**Material for the task:**
= = =

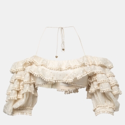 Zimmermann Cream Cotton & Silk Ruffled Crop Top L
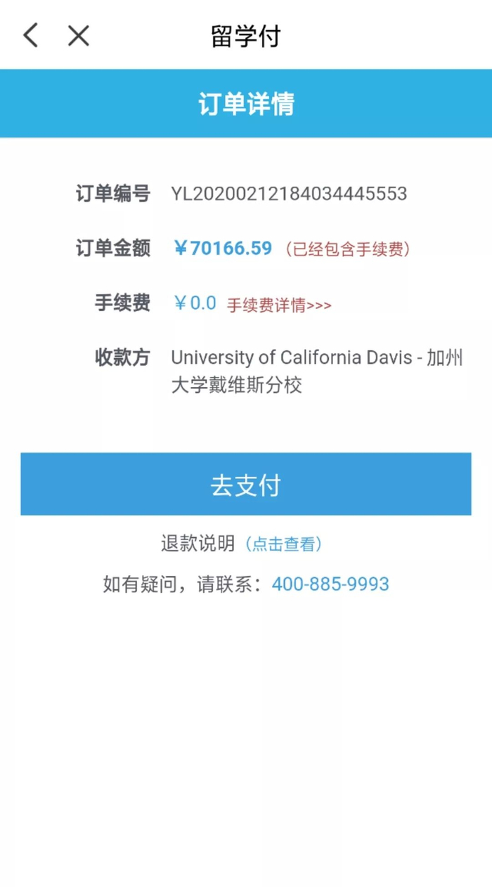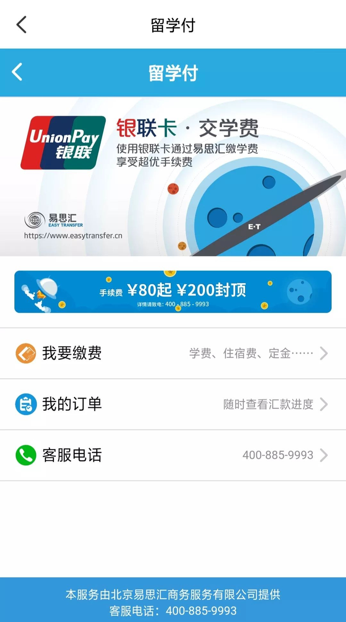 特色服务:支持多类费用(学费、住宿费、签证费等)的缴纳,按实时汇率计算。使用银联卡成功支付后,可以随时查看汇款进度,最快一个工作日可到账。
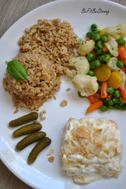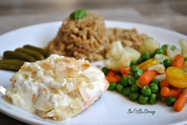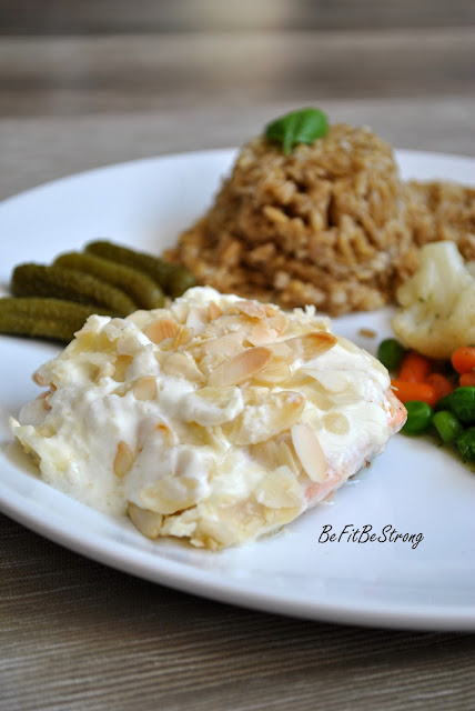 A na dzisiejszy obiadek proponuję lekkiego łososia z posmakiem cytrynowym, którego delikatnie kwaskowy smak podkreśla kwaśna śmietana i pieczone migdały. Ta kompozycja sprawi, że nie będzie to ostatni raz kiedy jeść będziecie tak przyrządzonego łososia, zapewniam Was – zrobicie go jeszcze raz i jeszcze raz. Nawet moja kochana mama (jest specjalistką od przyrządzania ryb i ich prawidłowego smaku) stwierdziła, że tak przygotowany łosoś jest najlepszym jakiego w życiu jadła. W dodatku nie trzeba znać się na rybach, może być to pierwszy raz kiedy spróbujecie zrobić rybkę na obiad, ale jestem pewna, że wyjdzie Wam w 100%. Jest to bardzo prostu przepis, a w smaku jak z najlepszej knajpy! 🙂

= = =

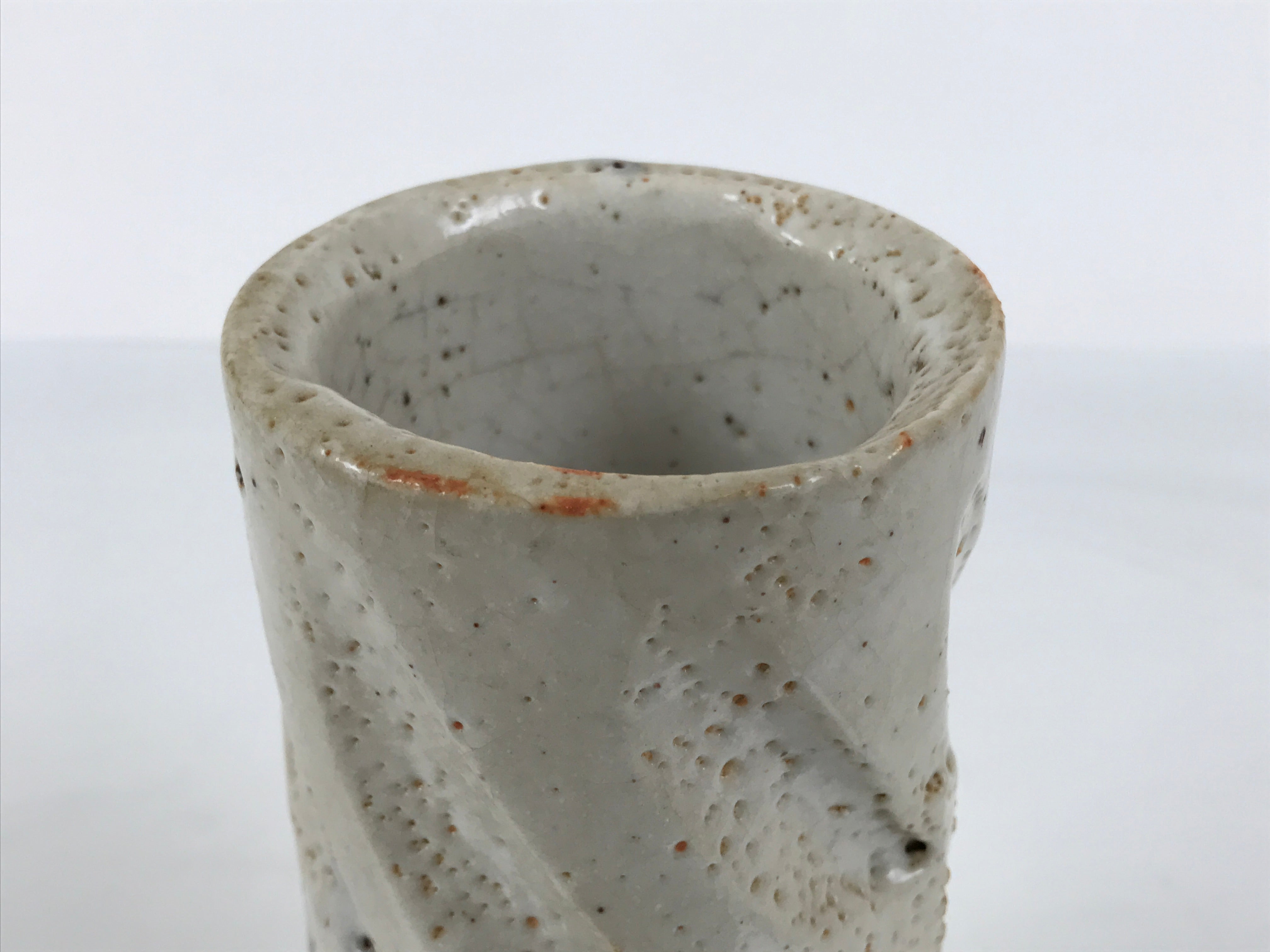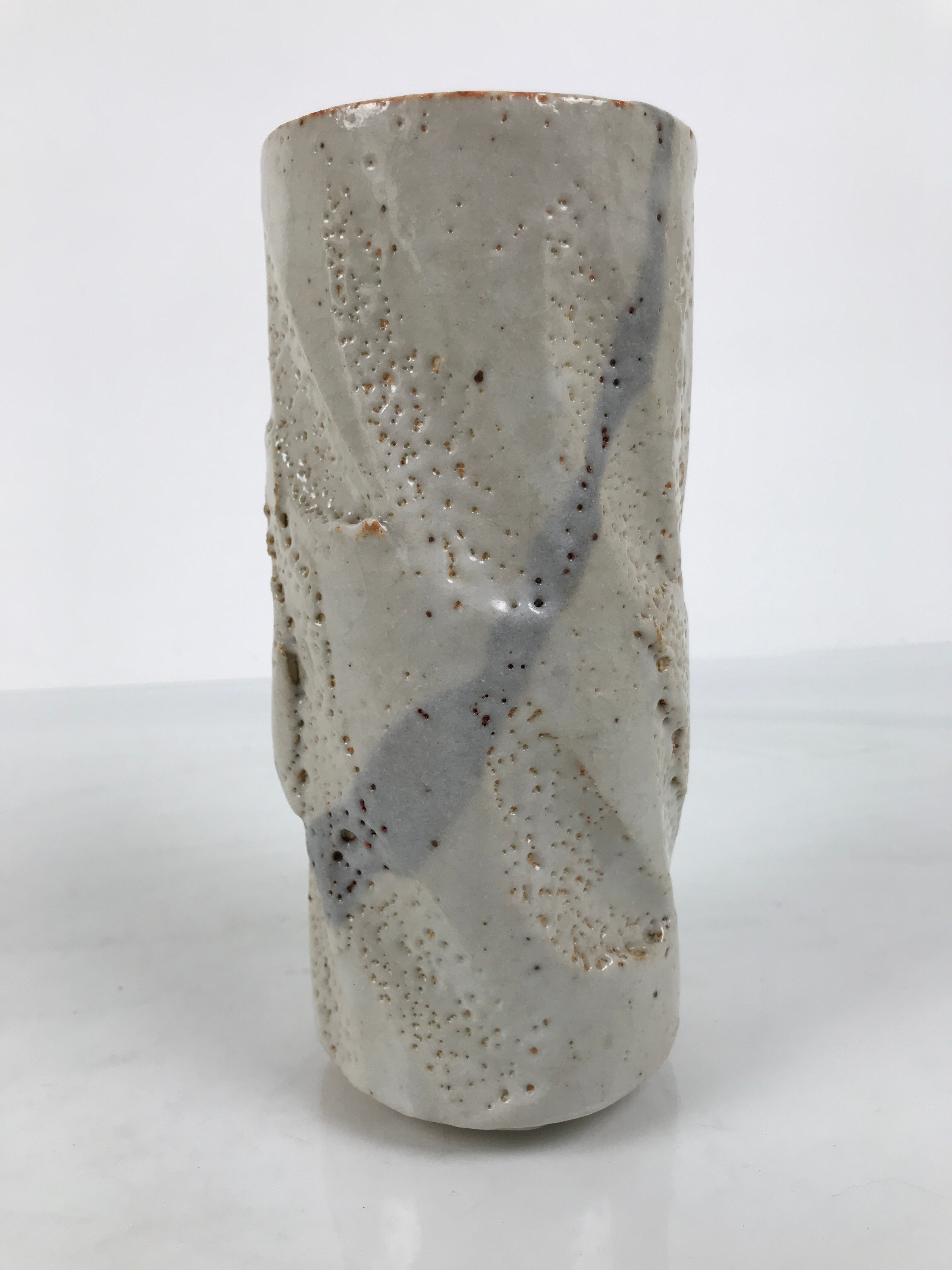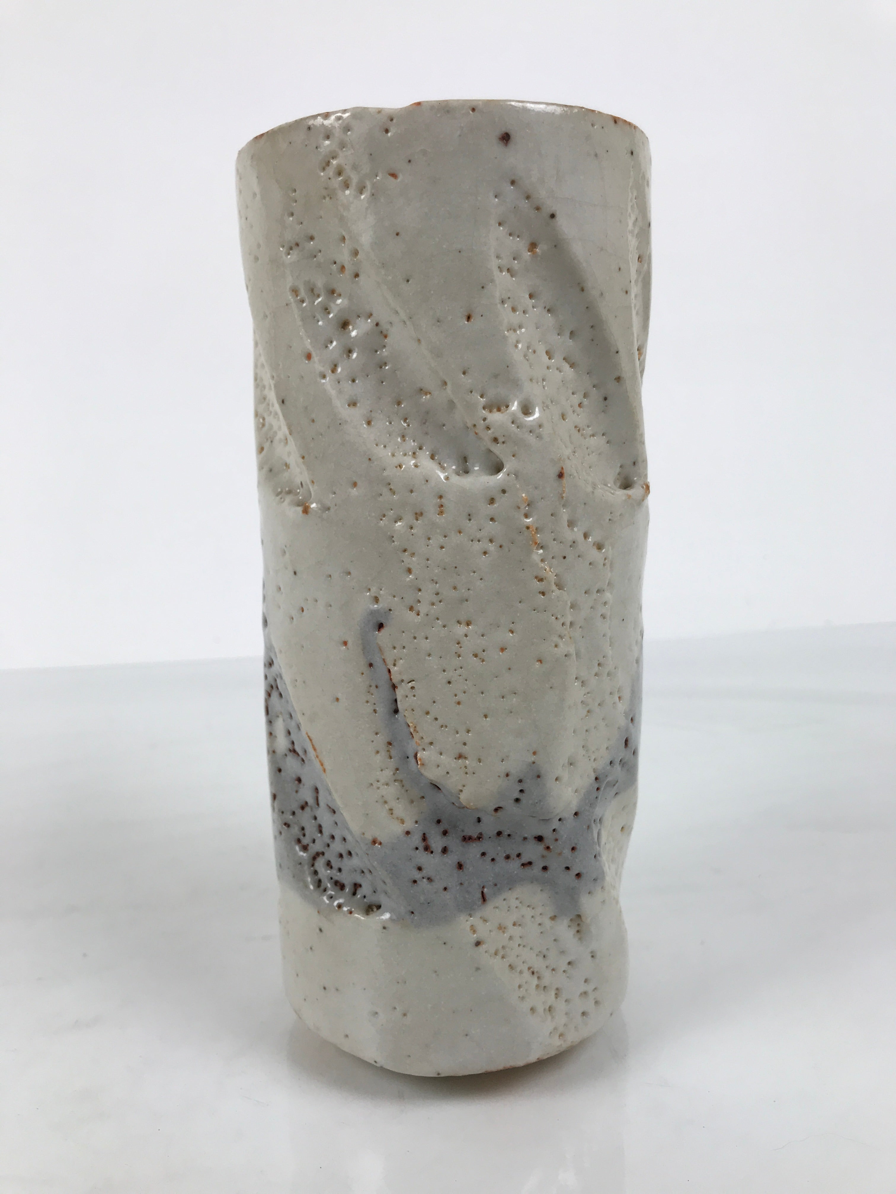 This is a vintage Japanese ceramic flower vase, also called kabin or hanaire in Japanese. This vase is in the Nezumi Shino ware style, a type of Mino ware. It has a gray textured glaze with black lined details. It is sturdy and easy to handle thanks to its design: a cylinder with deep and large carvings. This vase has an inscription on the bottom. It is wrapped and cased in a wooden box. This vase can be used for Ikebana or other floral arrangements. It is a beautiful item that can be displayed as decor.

= = =

Your copy should hold the lines from the one with "Zimmermann Cream Cotton" up to and including the one with "特色服务:支持多类费用(学费", exactly as in the data above, and no pictures.

 Zimmermann Cream Cotton & Silk Ruffled Crop Top L
 特色服务:支持多类费用(学费、住宿费、签证费等)的缴纳,按实时汇率计算。使用银联卡成功支付后,可以随时查看汇款进度,最快一个工作日可到账。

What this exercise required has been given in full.